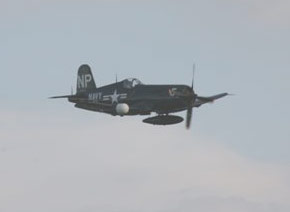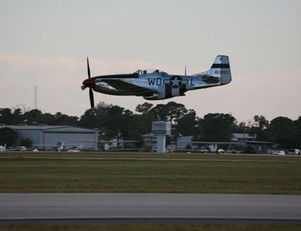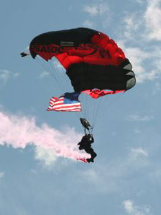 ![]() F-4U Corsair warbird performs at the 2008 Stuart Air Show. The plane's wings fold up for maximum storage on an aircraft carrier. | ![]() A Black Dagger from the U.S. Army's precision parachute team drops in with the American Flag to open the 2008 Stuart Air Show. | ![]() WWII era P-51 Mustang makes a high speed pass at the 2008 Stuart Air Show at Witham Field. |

☆ ☆ ☆

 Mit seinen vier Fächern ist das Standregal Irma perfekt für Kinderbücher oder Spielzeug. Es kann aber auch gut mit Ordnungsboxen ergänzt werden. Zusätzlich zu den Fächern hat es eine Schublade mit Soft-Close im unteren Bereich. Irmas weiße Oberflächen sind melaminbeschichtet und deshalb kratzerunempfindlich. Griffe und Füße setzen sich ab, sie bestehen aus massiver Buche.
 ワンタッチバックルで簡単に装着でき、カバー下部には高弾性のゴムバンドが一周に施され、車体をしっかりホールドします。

☆ ☆ ☆

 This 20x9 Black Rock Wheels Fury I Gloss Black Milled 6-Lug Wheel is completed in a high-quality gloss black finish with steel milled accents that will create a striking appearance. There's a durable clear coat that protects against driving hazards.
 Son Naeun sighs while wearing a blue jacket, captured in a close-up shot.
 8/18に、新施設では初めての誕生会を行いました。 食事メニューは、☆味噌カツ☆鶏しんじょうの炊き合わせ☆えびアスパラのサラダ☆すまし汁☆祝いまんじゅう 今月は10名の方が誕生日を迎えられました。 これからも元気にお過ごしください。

☆ ☆ ☆

## ASSIGNMENT
Print exactly the lines of the listing above starting at the line containing "Mit seinen vier" and ending at the line containing "ワンタッチバックルで簡単に装", both included.

## SOLVED PROBLEM
 Mit seinen vier Fächern ist das Standregal Irma perfekt für Kinderbücher oder Spielzeug. Es kann aber auch gut mit Ordnungsboxen ergänzt werden. Zusätzlich zu den Fächern hat es eine Schublade mit Soft-Close im unteren Bereich. Irmas weiße Oberflächen sind melaminbeschichtet und deshalb kratzerunempfindlich. Griffe und Füße setzen sich ab, sie bestehen aus massiver Buche.
 ワンタッチバックルで簡単に装着でき、カバー下部には高弾性のゴムバンドが一周に施され、車体をしっかりホールドします。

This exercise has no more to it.